My wife recently announced that we’re having a garage sale – which bums me out because now I have to help her clean the garage so the strangers who stop by to peruse our junk won’t think less of us. Anyway, last Friday, the SEC announced some garage cleaning of its own – in the form of this 314-page release adopting amendments to certain “redundant, duplicative, overlapping, outdated, or superseded” disclosure requirements.
There’s a lot to digest in the release, but this Steve Quinlivan blog provides a helpful guide to the changes. Here’s an excerpt summarizing the revisions to Item 101 of S-K:
The amendments revise Item 101 of Regulation S-K to eliminate required disclosures in the business description regarding:
– Financial information about segments
– Research and development spending
– Financial information about geographic areas, such as revenues from external customers in the issuers country of domicile and foreign countries, but where material must be covered in the MD&A
– Risks attendant to the foreign operations and any dependence on one or more of the registrant’s segments upon such foreign operations, but where material should be covered in risk factors
The SEC’s press release notes that the rule changes are part of Corp Fin’s initiative to review & improve disclosure requirements for the benefit of investors and issuers. We’re posting memos about this in our “Fast Act” Practice Area.
Beyond “Bedbugs”: More Corp Fin Actions to be Posted on Edgar
While this doesn’t appeal to the prurient interest nearly as much as the recent decision to post “bedbug” letters on Edgar, Corp Fin announced yesterday that it has decided to post more Staff actions on Edgar. Here’s an excerpt from the announcement:
Starting October 1, 2018, the Division will begin to release through EDGAR orders we issue granting or denying regulatory relief on behalf of the Commission, as identified below. We intend to continue our efforts to enhance transparency in subsequent phases by releasing additional types of documents, including those memorializing actions or positions taken by the Division staff, such as interpretive guidance and no-action relief.
Orders that will soon become available include Reg A & 1934 Act orders of effectiveness, orders declaring 1933 Act registration statements abandoned, and orders granting exemptions under the tender offer rules. This is pretty prosaic stuff, but stay tuned – availability of interpretive guidance & no-action relief on Edgar could be more interesting.
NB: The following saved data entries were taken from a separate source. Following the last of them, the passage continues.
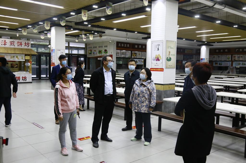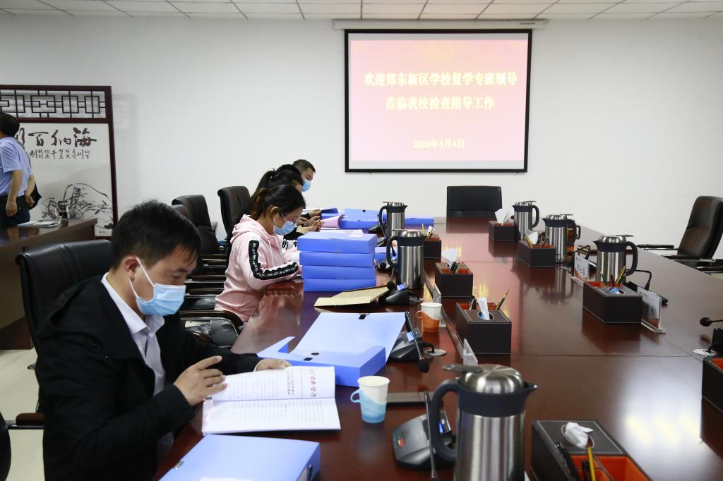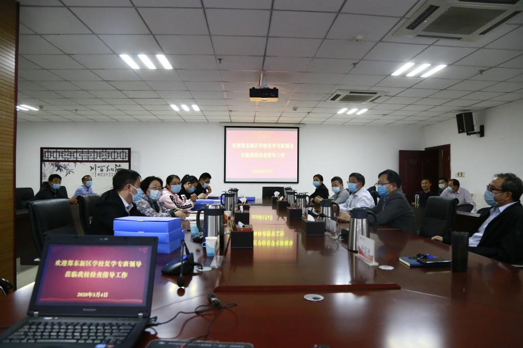 5月4日下午,由郑东新区教文体局麻玖玲一行6人组成的“五员专班”,到新葡萄官网龙子湖校区督查返校复学准备工作,校长罗士喜,校党委副书记李俊杰、李波,副校长张伟、杨宝进和学校防控办各工作组负责同志陪同检查。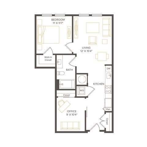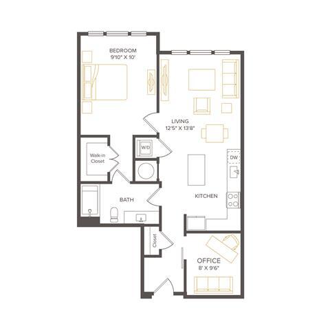 Studio, 1 Bath, 486 sq ftAvailable NowModel Gallery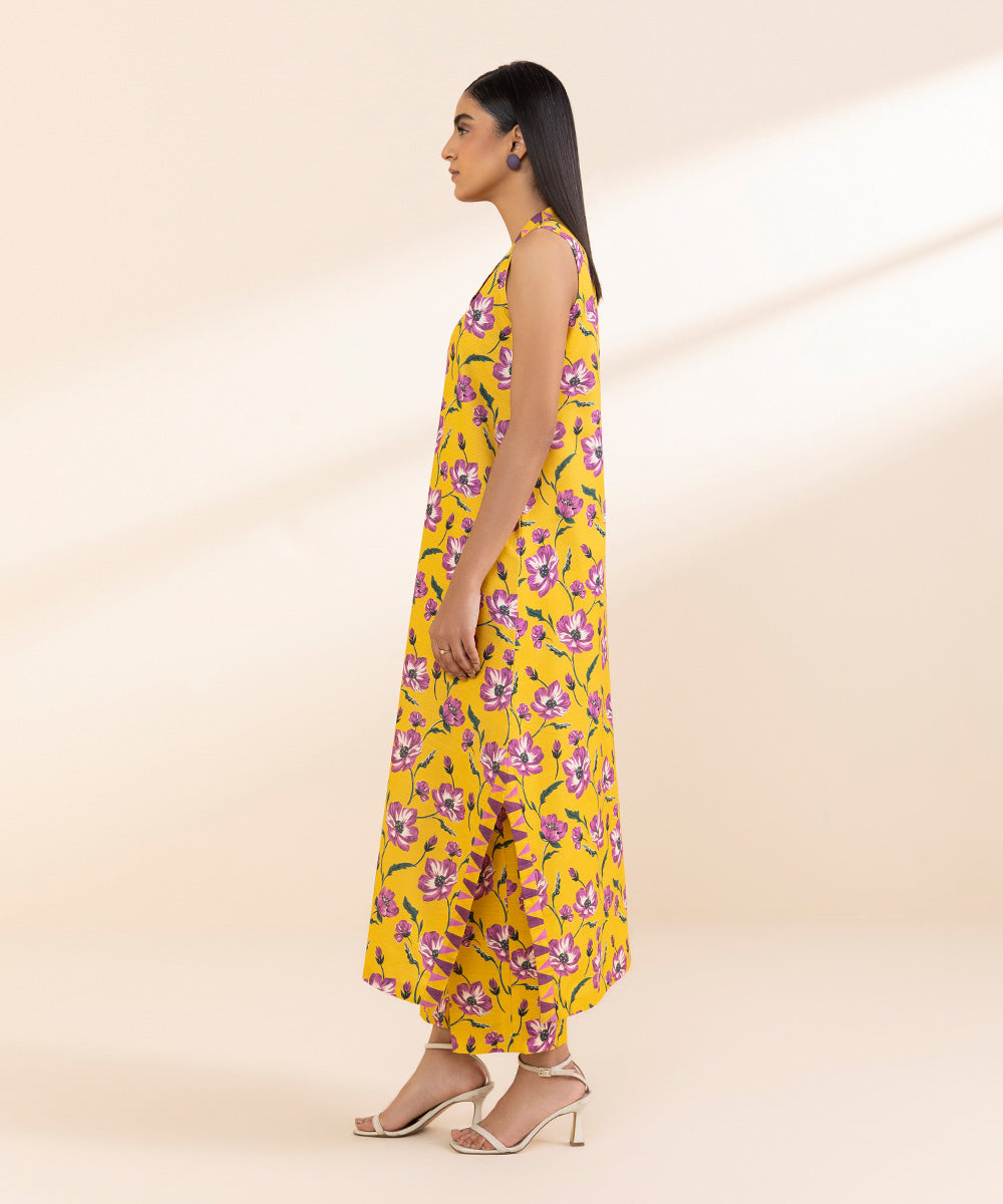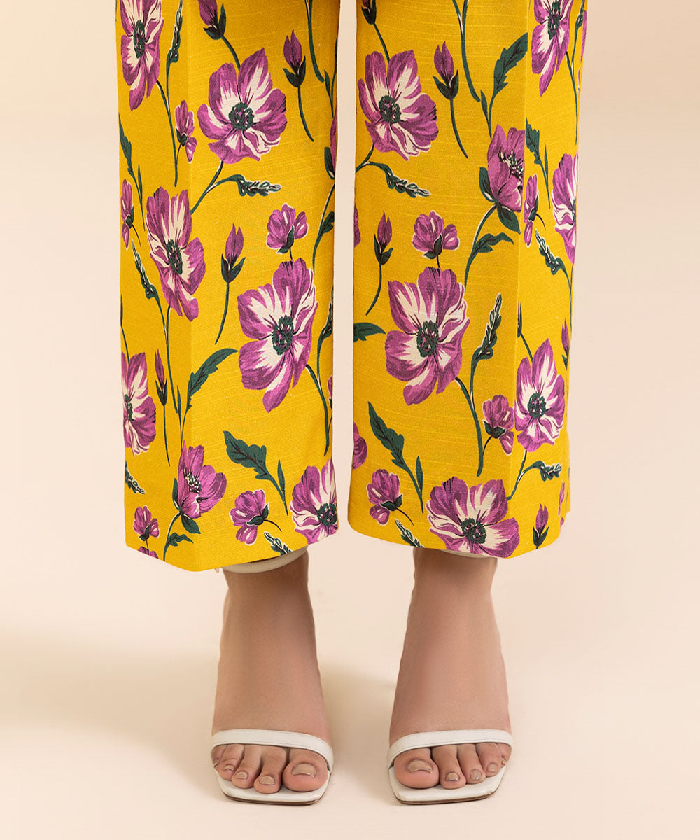 Embrace the subtle elegance of winter in our yellow floral printed two-piece featuring light khaddar shirt and trousers.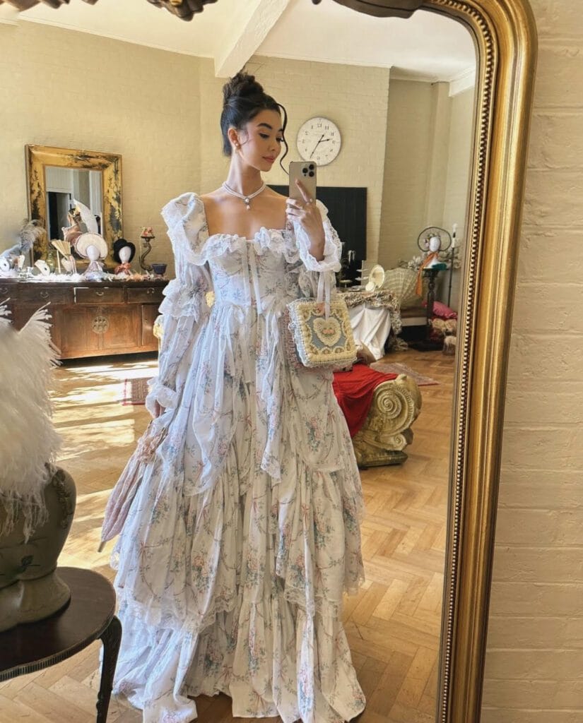 The aesthetic of the Regency era is very romantic and soft. it consisted of pastel colors, square necklines, puff sleeves, empire waistlines, and fancy floral prints. and an added touch of elegance with romantic details like ruffles, lace, and embroidery.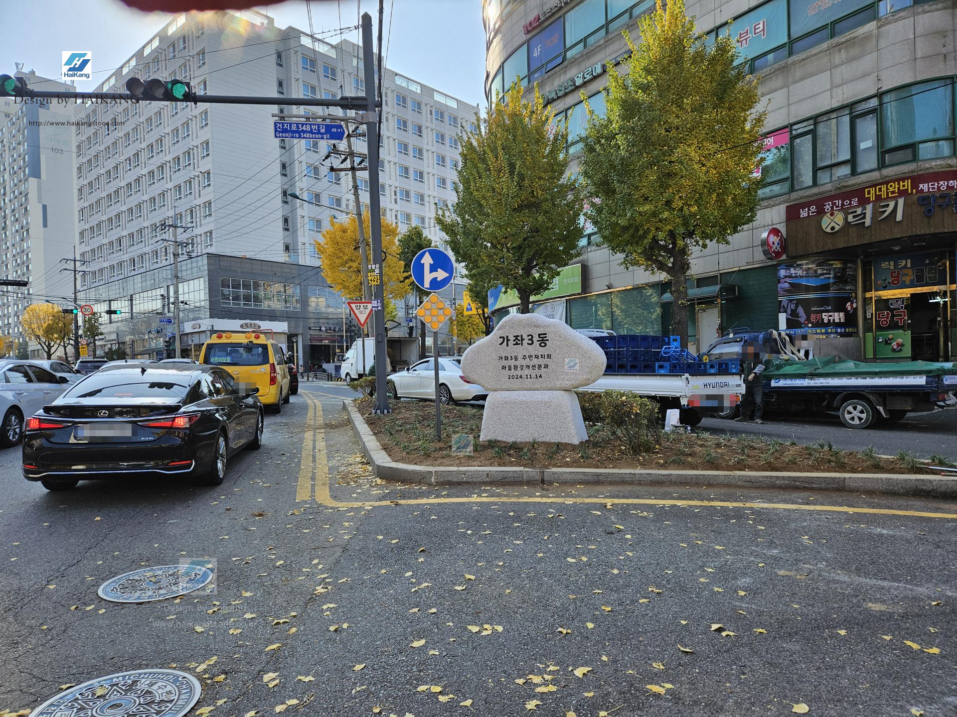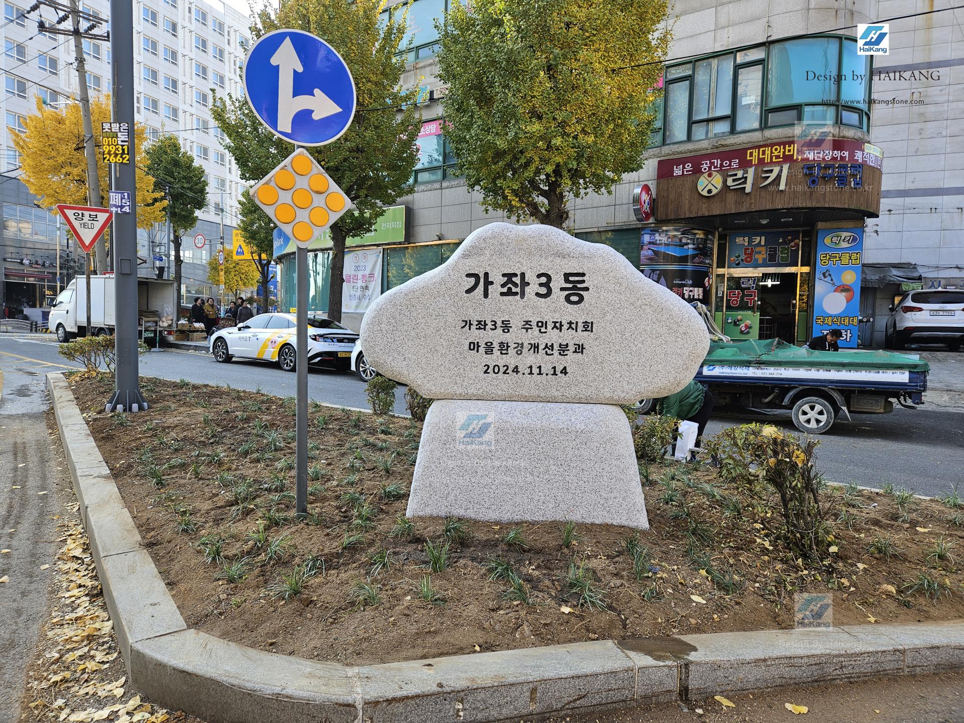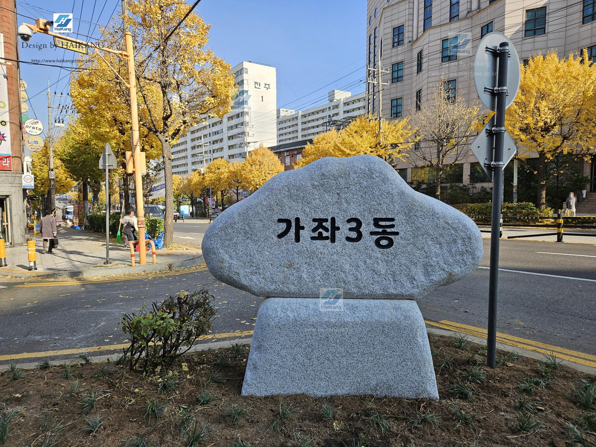 저희 (주) 해강에서 직접 제작 및 설치한 가좌 3동 표지석입니다.

PCAOB Seeks Comment on Draft Strategic Plan For 1st Time
The PCAOB recently issued a draft of its 5-year Strategic Plan – and the accompanying press release notes that for the first time, it’s soliciting comments from the public. Here’s an excerpt from the press release with an overview of the key goals of the plan:
After its own careful study and a survey of PCAOB staff and the public, the new Board intends to:
– Broaden its approach to driving improvement in the quality of audit services and more clearly communicate how it is driving that improvement.
– Ensure that its inspections and standard-setting activities are responsive to and do not impede technological innovations.
– Engage proactively more often and directly with investors, audit committees, and other stakeholders to encourage relevant and timely conversations about the quality of audit services.
– Optimize PCAOB operations to more efficiently and effectively use resources.
– Reinforce the PCAOB’s culture of integrity, excellence, effectiveness, collaboration, and accountability.
So what’s behind the PCAOB’s decision to seek public input on its strategic plan? Here’s some insight from a recent Gibson Dunn blog:
Coming on the heels of a complete turnover of the Board and the subsequent departure of numerous senior personnel, the process by which the Board is crafting its strategic plan provides further evidence—if any were necessary—that this Board intends to seek out new ways to operate and to fulfill the PCAOB’s mission.